Besides, you can check the documentation of MongoClientOptions's builder method, perhaps you can find a better connection control there.
In my web application I'm using Stateless sessions with Hibernate to have better performances on my inserts and updates.
It was working fine with H2 database (the one used in play framework in dev mode).
But when I test it with MySQL I get the following exception :
ERROR ~ Lock wait timeout exceeded; try restarting transaction
ERROR ~ HHH000315: Exception executing batch [Lock wait timeout exceeded; try restarting transaction]
Here is the code :
public static void update() {
Session session = (Session) JPA.em().getDelegate();
StatelessSession stateless = this.session.getSessionFactory().openStatelessSession();
try {
stateless.beginTransaction();
// Fetch all products
{
List<ProductType> list = ProductType.retrieveAllWithHistory();
for (ProductType pt : list) {
updatePrice(pt, stateless);
}
}
// Fetch all raw materials
{
List<RawMaterialType> list = RawMaterialType.retrieveAllWithHistory();
for (RawMaterialType rm : list) {
updatePrice(rm, stateless);
}
}
} catch (Exception ex) {
play.Logger.error(ex.getMessage());
ExceptionLog.log(ex, Thread.currentThread());
} finally {
stateless.getTransaction().commit();
stateless.close();
}
}
private static void updatePrice(ProductType pt, StatelessSession stateless) {
pt.priceDelta = computeDelta();
pt.unitPrice = computePrice();
stateless.update(pt);
PriceHistory ph = new PriceHistory(pt, price);
stateless.insert(ph);
}
private static void updatePrice(RawMaterialType rm, StatelessSession stateless) {
rm.priceDelta = computeDelta();
rm.unitPrice = computePrice();
stateless.update(rm);
PriceHistory ph = new GoodPriceHistory(rm, price);
stateless.insert(ph);
}
In this example I have 3 simple Entities (ProductType, RawMaterialType and PriceHistory).

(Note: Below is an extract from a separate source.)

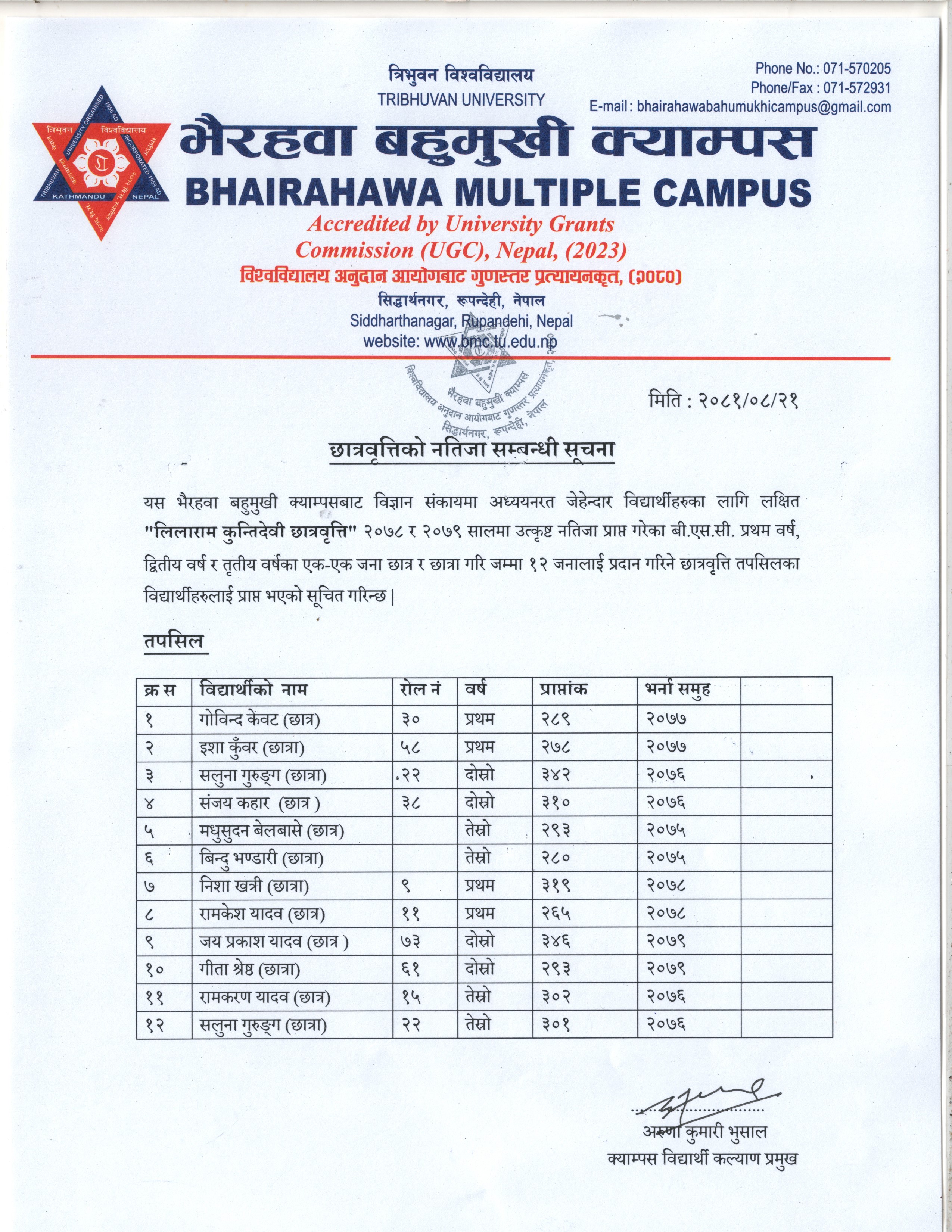 छात्रवृत्ति नतिजा सम्बन्धी सूचना
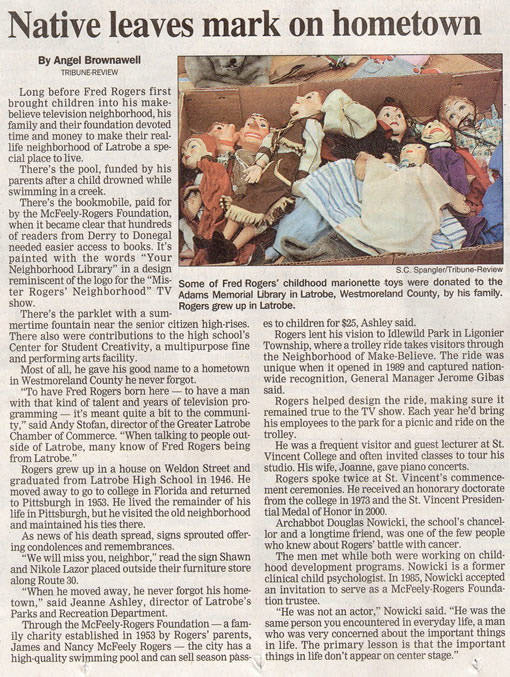 There’s the parklet with summertime fountain near the senior citizen high-rises. There also were contributions to the high school’s Center for Student Creativity, a multipurpose fine and performing arts facility. Most of all, he gave his good name to a hometown in Westmoreland County he never forgot. “To have Fred Rogers born here – to have a man with that kind of talent and years of television programming – it’s meant quite a bit to the community,” said Andy Stofan, director of the Greater Latrobe Chamber of Commerce. “When talking to people outside of Latrobe, many know of Fred Rogers being from Latrobe.” Rogers grew up in a house on Weldon Street and graduated from Latrobe High School in 1946. He moved away to go to college in Florida and returned to Pittsburgh in 1953. He lived the remainder of his life in Pittsburgh, but he visited the old neighborhood and maintained his ties there. As news of his death spread, signs sprouted offering condolences and remembrances. “We will miss you, neighbor,” read the sign Shawn and Nikole Lazor placed outside their furniture store along Route 30. “When he moved away, he never forgot his hometown,” said Jeanne Ashley, director of Latrobe’s Parks and Recreation Department. Through the McFeely-Rogers Foundation – a family charity established in 1953 by Rogers’ parents, James and Nancy McFeely Rogers – the city has a high-quality swimming pool and can sell season passes to children for $25, Ashley said. Rogers lent his vision to Idlewild Park in Ligonier Township, where a trolley ride takes visitors through the Neighborhood of Make-Believe. The ride was unique when it opened in 1989 and captured nationwide recognition, General Manager Jerome Gibas said. Rogers helped design the ride, making sure it remained true to the TV show. Each year he’d bring his employees to the park for a picnic and ride on the trolley. He was a frequent visitor and guest lecturer at St. Vincent College and often invited classes to tour his studio. His wife, Joanne, gave piano concerts. Rogers spoke twice at St. Vincent’s commencement ceremonies. He received an honorary doctorate from the college in 1973 and the St. Vincent Presidential Medal of Honor in 2000. Archabbot Douglas Nowicki, the school’s chancellor and longtime friend, was one of the few people who knew about Rogers’ battle with cancer. The men met while both were working on childhood development programs. Nowicki is a former clinical child psychologist. In 1985, Nowicki accepted an invitation to serve as a McFeely-Rogers Foundation trustee. “He was not an actor,” Nowicki said. “He was the same person you encountered in everyday life, an man who was very concerned about the important things in life. The primary lesson is that the important things in life don’t appear on center stage.” |

computeDelta and computePrice are just algorithm functions with no DB stuff.
retrieveAllWithHistory functions are functions that fetch some data from the database using Play framework model functions.
So, this code retrieves some data, edit some, create new one and finally save everything.
Why have I a lock exception with MySQL and no exception with H2 ?
I'm not sure why you have a commit in a finally block. Give this structure a try:
try {
factory.getCurrentSession().beginTransaction();
factory.getCurrentSession().getTransaction().commit();
} catch (RuntimeException e) {
factory.getCurrentSession().getTransaction().rollback();
throw e; // or display error message
}
Also, it might be helpful for you to check this documentation.